The OBBBA not only prevents this sunset but also increases the exemption by more than $1 million from 2025 levels. The result is a stable, high exemption that ensures federal estate tax impacts only the wealthiest families . This permanence eliminates the need for accelerated gifting strategies that many families rushed to implement in 2024 and 2025 .

Annual Gift Tax Exclusion: Still $19,000 for 2026

While the lifetime exemption increased significantly, the annual gift tax exclusion remains unchanged at $19,000 per donee for 2026. This means individuals can give up to $19,000 to any number of recipients each year without consuming any of their lifetime exemption. Married couples can jointly gift up to $38,000 per donee per year .

For gifts to a non-citizen spouse, the annual exclusion increases to $194,000 in 2026, up from $190,000 in 2025 . This provision allows a donor to transfer the specified amount to a non-citizen spouse each year without consuming any of the donor's lifetime exemption .

Strategic Planning in the New Landscape

1. Review Existing Estate Plans

The removal of the sunset and the increased exemption mean that estate plans drafted around a perceived future cliff should be reviewed immediately . Many trusts established in recent years may now be overfunded or have formulas that restrict access to capital unnecessarily .

For example, many trusts drafted with formulas referencing the federal exemption may now allocate significantly more assets to bypass trusts than originally intended.
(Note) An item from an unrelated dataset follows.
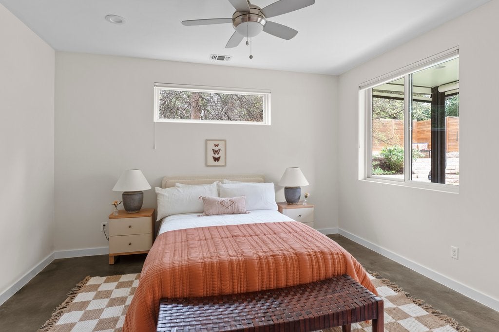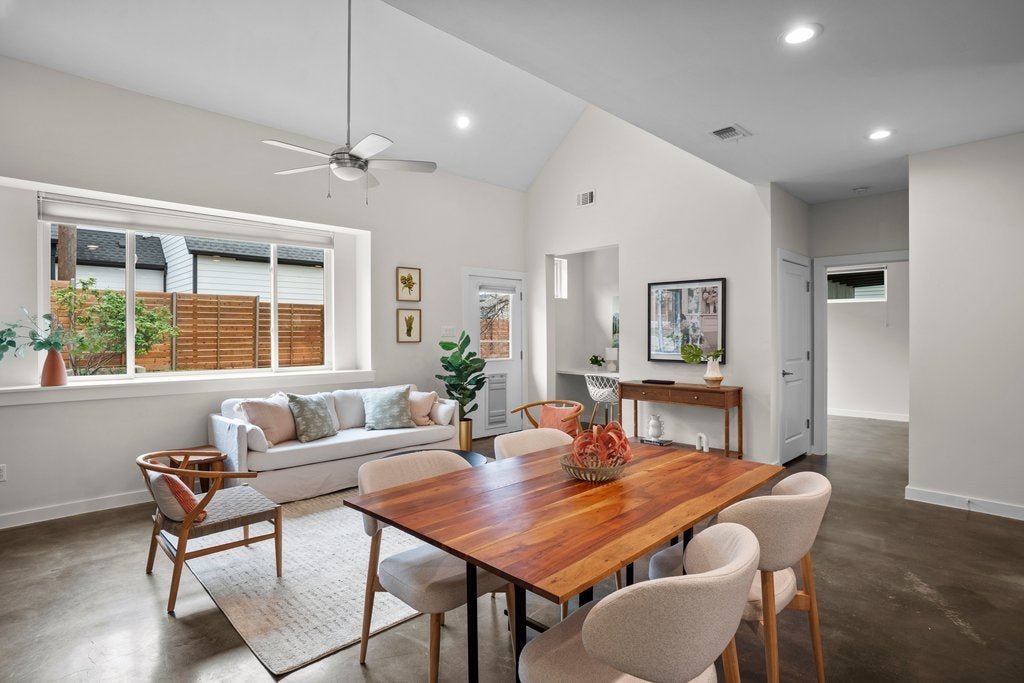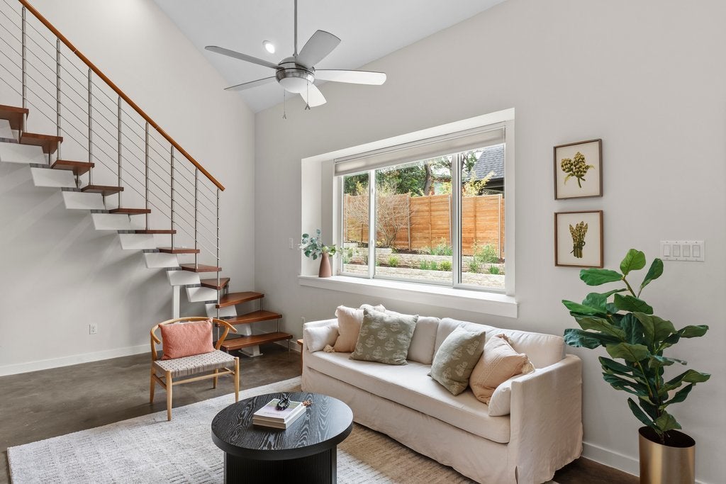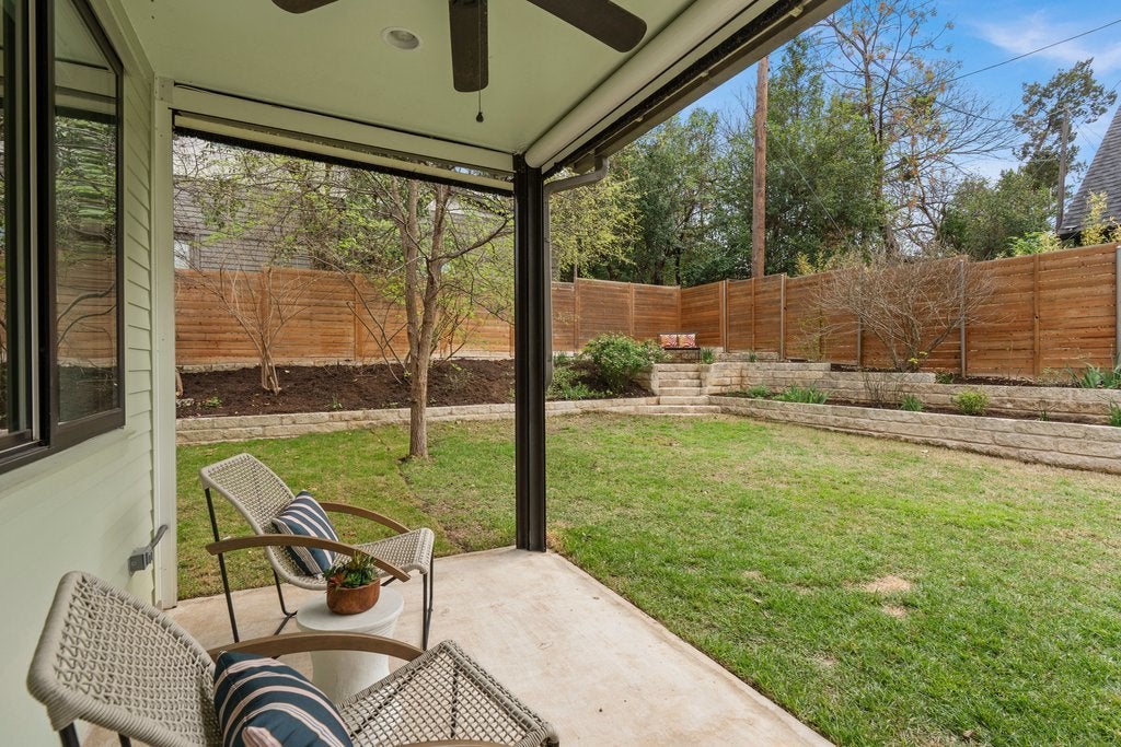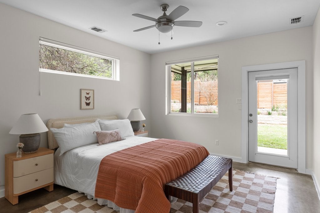 Tucked into a quiet 13 home community in the heart of 78704, this thoughtfully designed home offers modern style, meaningful owner upgrades, and a surprisingly private outdoor setting. The open floor plan features polished concrete and acacia wood floors and quartz countertops throughout, creating a clean and durable space that works well for everyday living and entertaining. The spacious primary suite is located on the main floor and opens directly onto a covered screened porch with motorized screens, a comfortable spot for morning coffee or relaxing in the evening. The porch overlooks an oversized corner lot with terraced gardens, creating a private outdoor space with plenty of greenery. Recent owner updates include freshly refinished kitchen and bathroom cabinetry, along with new paint on the walls and trim throughout the first floor. Bathrooms have been updated with new tile, frameless glass showers, and generous custom niches for shower storage. The primary bath features a double vanity and walk in shower. Upstairs are two additional bedrooms, a full bath, and a large walk in storage room. Built for comfort and efficiency, the home includes spray foam insulation, dual pane windows, and a tankless water heater to help keep utility bills low year round. Low HOA fees include irrigation and lawn care and maintenance for both the front and back yard. Located on a quiet cul de sac just a short walk from South 5th Recreation Center with trails, tennis and basketball courts, fields, and a playscape. Also convenient to the local shops and restaurants along South 1st Street, South Congress, and South Lamar, with quick access to downtown Austin and the airport.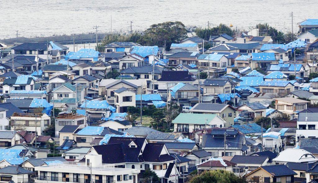 ▲台風で住宅の屋根が大被害を受けた千葉県鋸南町の様子

Reviewing these provisions with your estate planning attorney ensures your plan reflects your current wishes and family circumstances .

2. Consider Lifetime Gifting

The urgency to make large gifts before a sunset has disappeared, but lifetime gifting remains a powerful strategy . Gifting assets during life removes future appreciation from your taxable estate, potentially saving significant estate taxes down the road .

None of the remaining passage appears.